- [Source material]
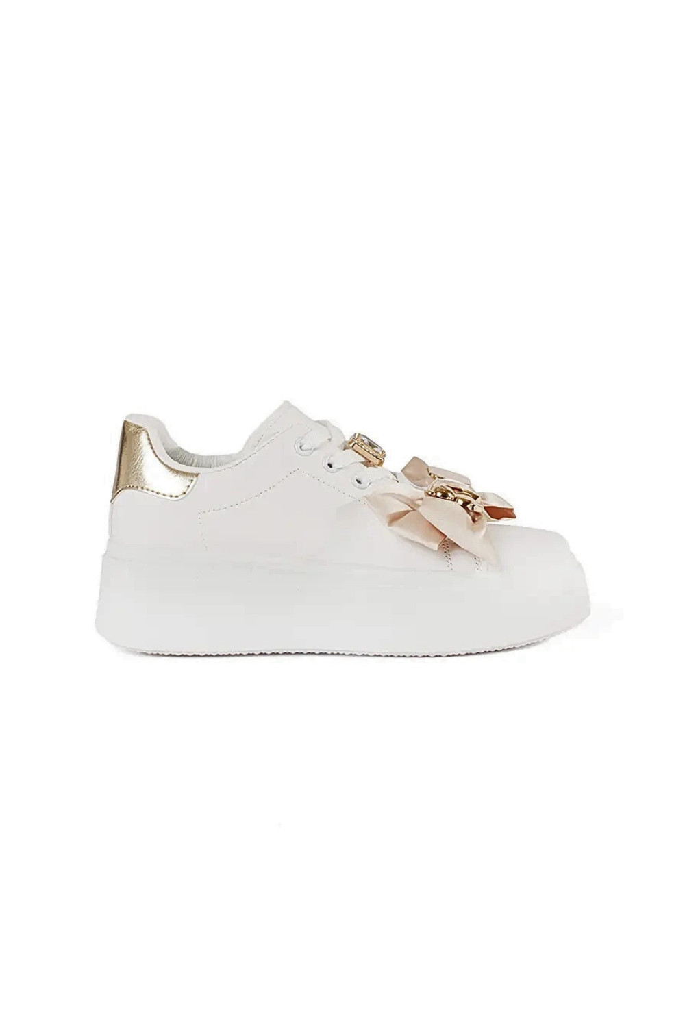 balti-zeltaini sporta apavi ar zelta aksesuāriem
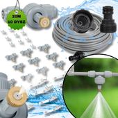 Po podłączeniu do wody z dysz będzie rozpylana delikatna orzeźwiająca mgiełka. Pozwala ona schłodzić otoczenie o około 10°C. Dodatkowo odstrasza różnego rodzaju insekty i owady. Woda z dysz będzie się powoli sączyć, co nie doprowadzi do za dużego zużycia wody.Całość można podłączyć do zwykłego węża ogrodowego poprzez dołączoną do zestawu szybkozłączkę. Do samej szybkozłączki dodajemy też filtr. Pozwala ona na dłuższe życie dysz poprzez mniejsze osadzanie się kamienia oraz zabezpieczy dysze przed niechcianymi drobnymi brudami z wodociągów lub studni.
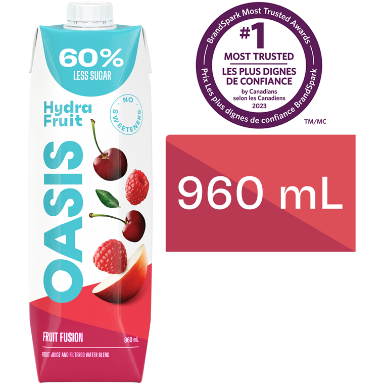 Enjoy a burst of juicy fruit flavour with Oasis Hydrafruit Fruit Fusion Fruit Juice. Made with delicious apple, cherry and raspberry juices and filtered water, this low-sugar drink is the perfect refreshment for every joyful moment. Oasis Hydrafruit contains 60 percent less sugar than the leading regular fruit blends, making this an excellent choice for refreshment without compromise. It is also low in calories and contains an excellent source of vitamin C. With natural colours and flavours, your whole family will want to hydrate with Oasis Hydrafruit.Thank you for voting Oasis as the Most Trusted Fruit Juice in Canada.*Refrigerate after opening and consume within 10 days.Shake well before opening. Serve chilled.Voted #1 Most Trusted Fruit Juice in Canada*A blend of fruit juices and filtered waterContains 60% less sugar than the leading regular fruit blendsNo sweetenersExcellent source of vitamin CNatural flavours and coloursRecyclable packagingPrepared in Canada* Voted most trusted Fruit Juice brand by Canadian shoppers based on the 2023 BrandSpark® Canadian Trust Study.
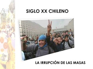 El documento describe el contexto político y económico de Chile en el siglo XX, desde la década de 1920 hasta la década de 1950. Resalta la crisis económica mundial de 1929 y el fin del ciclo salitrero, que provocaron inestabilidad política e impulsaron un nuevo rol del estado como promotor de la industrialización a través de la CORFO y empresas estatales básicas. Los gobiernos radicales entre 1938-1952 consolidaron el estado de bienestar e impulsaron el desarrollo hacia adentro a través de políticas como la
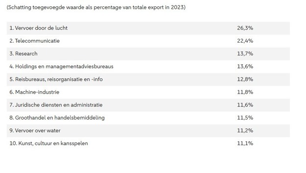 Top 10 branches die het meest afhankelijk zijn van export naar de VS
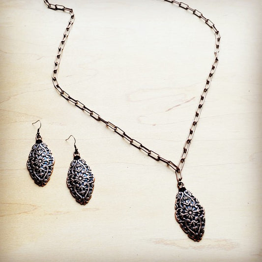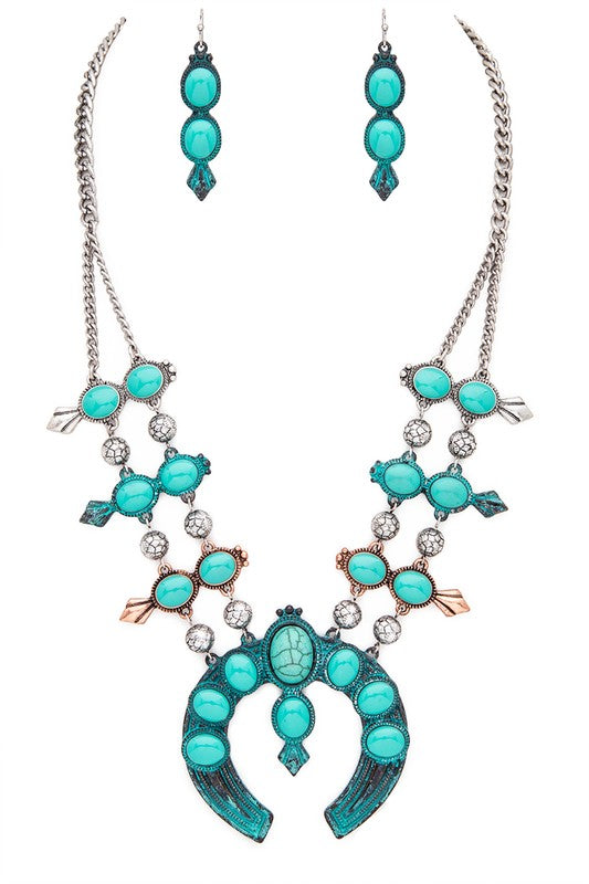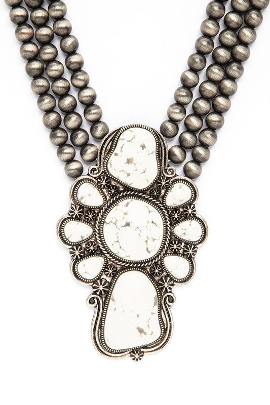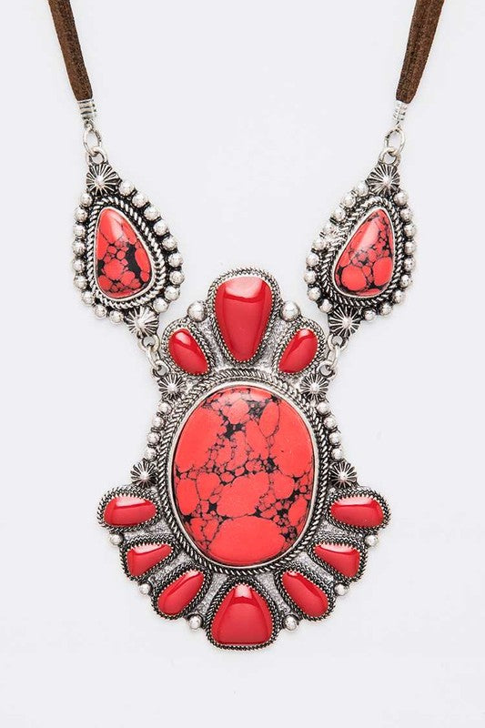Stone Teardrop Pendant Rope Chain Western Necklace
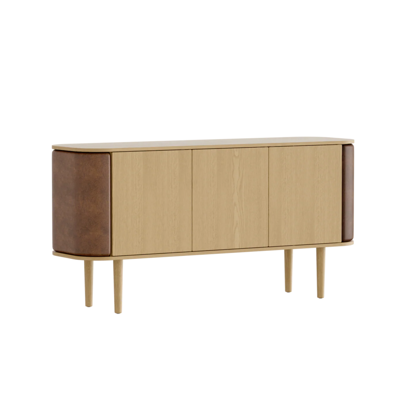 Umage Treasures dressoir met 3 deuren in eik (Brown faux leather) is een aanpasbaar Scandinavisch opbergmeubel met zachte, gestoffeerde zijpanelen en verfijnde uitstraling. Lees meer
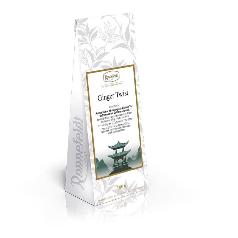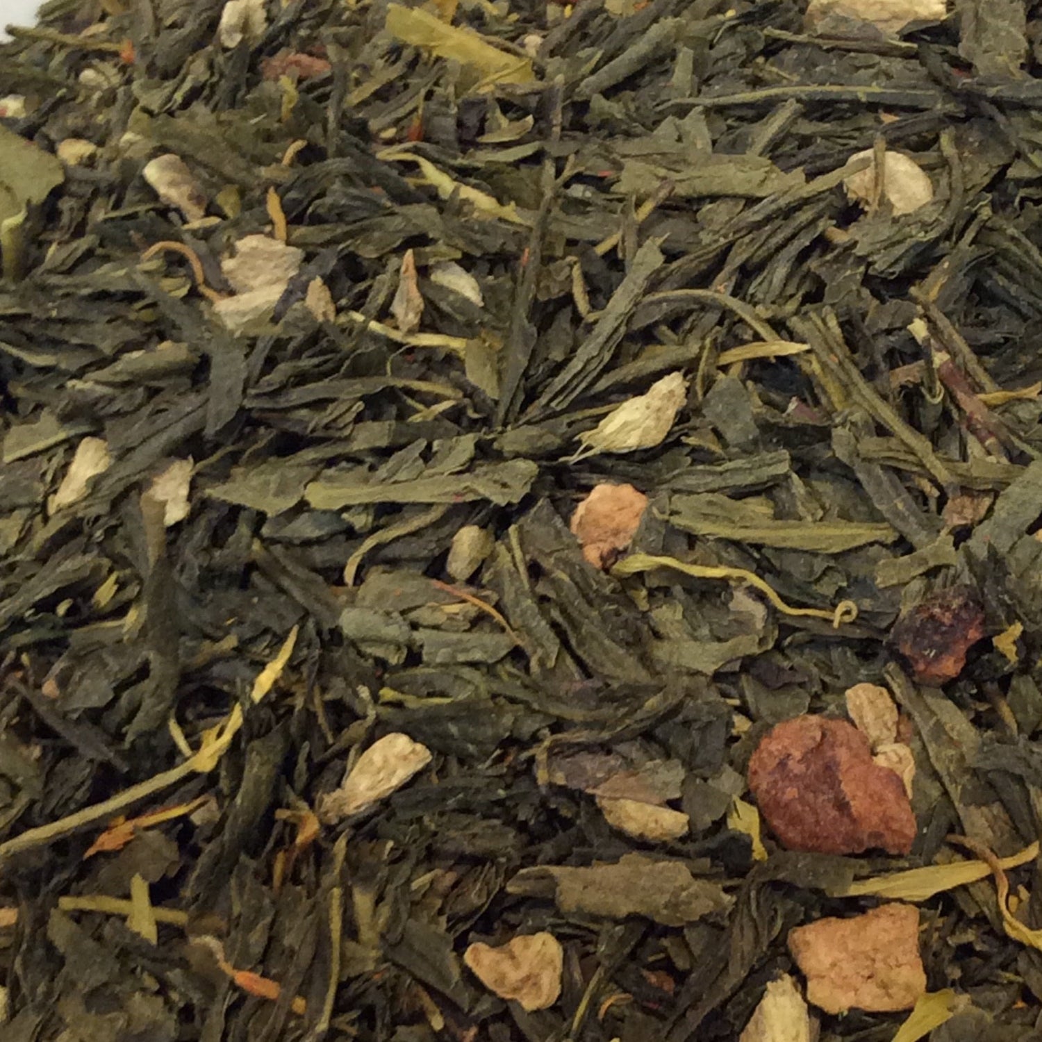 Flavored blend of green tea and ginger with a ginger quince flavor
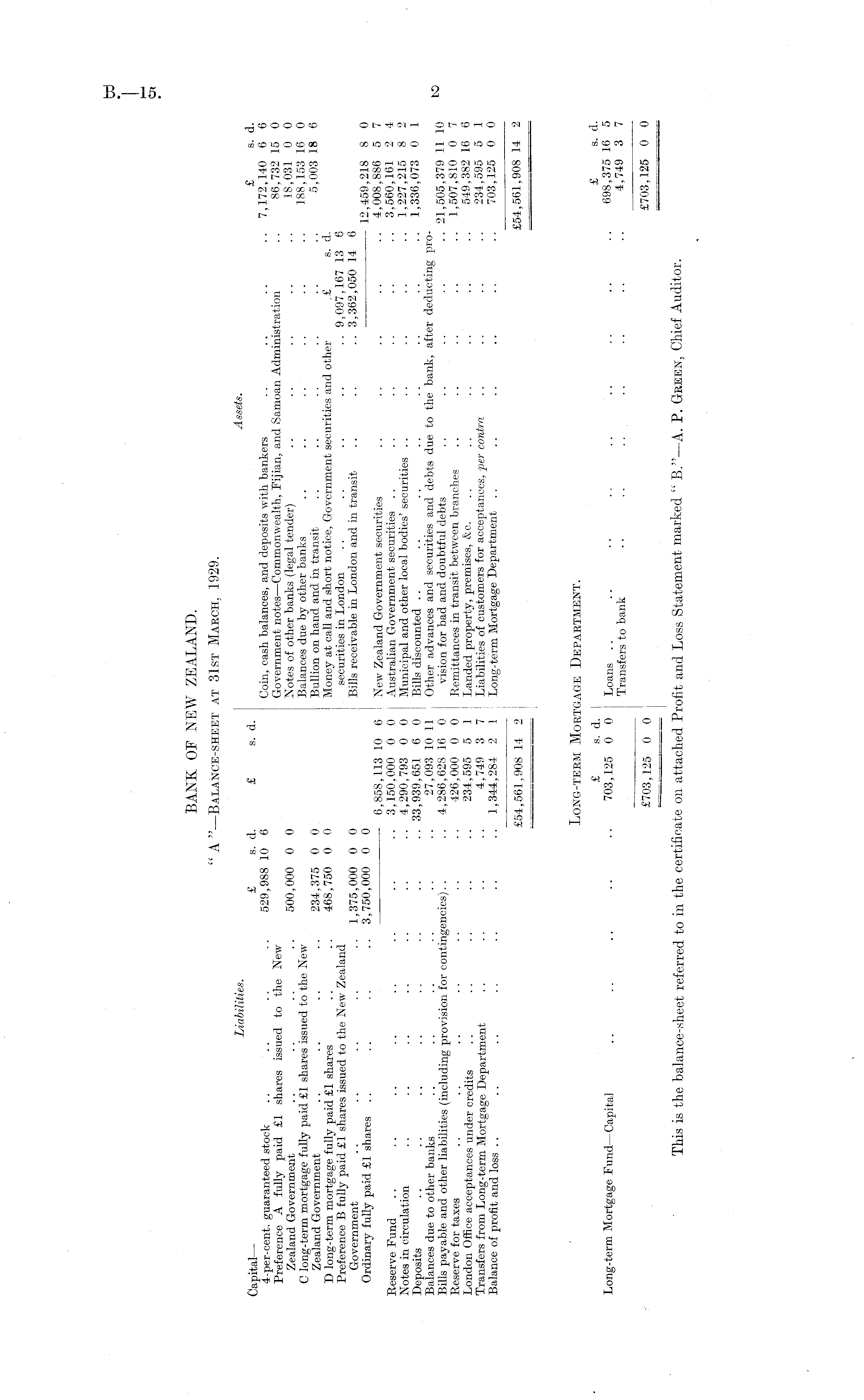 BANK OF NEW ZEALAND. " A "—Balance-sheet at 31st March, 1929. Liabilities. Assets. Capital— £ s. d. £ s. d. £ s. d. 4-per-cent. guaranteed stock .. .. .. .. 529,988 10 6 Coin, cash balances, and deposits with bankers .. .. .. ■■ 7,172,140 6 6 Preference A fully paid £1 shares issued to the New Government notes— Commonwealth, Fijian, and Samoan Administration .. 86,732 15 0 Zealand Government .. .. .. .. 500,000 0 0 Notes of other banks (legal tender) .. .. .. .. .. 18,031 0 0 C long-term mortgage fully paid £1 shares issued to the New Balances due by other banks .. .. .. .. .. .. 188, 153 16 0 Zealand Government * .. .. .. .. 234,375 0 0 Bullion on hand and in transit .. .. .. .. .. .. 5,003 18 6 D long-term mortgage fully paid £1 shares .. .. 468,750 0 0 Money at call and short notice, Government securities and other .£ s. d. Preference B fully paid £1 shares issued to the New Zealand securities in London .. .. .. .. .. 9,097,167 13 6 Government .. .. .. .. .. 1,375,000 0 0 Bills receivable in London and in transit .. .. .. 3,362,050 14 6 Ordinary fully paid £1 shares .. .. .. .. 3,750,000 0 0 12,459,218 8 0 6,858,113 10 6 New Zealand Government securities ... .. .. .. •• 4,008,886 5 7 Reserve Bund .. .. .. .. .. .. .. .. 3,150,000 0 0 Australian Government securities .. .. .. .. .. 3,560,161 2 4 Notes in circulation .. .. .. .. .. .. .. 4,290,793 0 0 Municipal and other local bodies'securities .. .. .. .. •• 1,227,215 8 2 Deposits .. .. .. .. .. .. .. .. 33,939,651 6 0 Bills discounted .. .. .. .. .. •• •• 1,336,073 0 1 Balances due to other banks .. .. .. .. .. •• 27,093 10 11 Other advances and securities and debts due to the bank, after deducting proBills payable and other liabilities (including provision for contingencies).. .. 4,286,628 16 0 vision for bad and doubtful debts .. .. .. .. .. 21,505,379 11 10 Reserve for taxes .. .. .. .. .. .. •• 426,000 0 0 Remittances in transit between branches . . .. .. .. •• 1,507,810 0 7 London Office acceptances under credits .. .. •• •• •• 234,595 5 1 Landed property, premises, &c. .. .. .. .. .. .. 549,382 16 6 Transfers from Long-term Mortgage Department .. •• 4,749 3 7 Liabilities of customers for acceptances, per contra .. .. .. .. 234,595 5 1 Balance of profit and loss .. .. .. .. •• 1,344,284 2 1 Long-term Mortgage Department .. .. .. .. .. •• 703,125 0 0 £54,561,908 14 2 £54,561,908 14 2 Long-term Mortgage Department. £ s. d. £ s. d. Long-term Mortgage Fund—Capital .. .. .. .. 703,125 0 0 Loans .. .. ■■ .. .. .. .. •• 698,375 16 5 Transfers to bank . ■ . . .. .. .. .. • • 4,749 3 7 £703,125 0 0 £703,125 0 0 This is the balance-sheet referred to in the certificate on attached Profit and Loss Statement marked " B.'l— A. P. Green, Chief Auditor.

- [Task prompt]
Word for word and without pictures, please write out only the lines from the start of the entries through the line containing "Po podłączeniu do", both included.

- [Answer section]
 balti-zeltaini sporta apavi ar zelta aksesuāriem
 Po podłączeniu do wody z dysz będzie rozpylana delikatna orzeźwiająca mgiełka. Pozwala ona schłodzić otoczenie o około 10°C. Dodatkowo odstrasza różnego rodzaju insekty i owady. Woda z dysz będzie się powoli sączyć, co nie doprowadzi do za dużego zużycia wody.Całość można podłączyć do zwykłego węża ogrodowego poprzez dołączoną do zestawu szybkozłączkę. Do samej szybkozłączki dodajemy też filtr. Pozwala ona na dłuższe życie dysz poprzez mniejsze osadzanie się kamienia oraz zabezpieczy dysze przed niechcianymi drobnymi brudami z wodociągów lub studni.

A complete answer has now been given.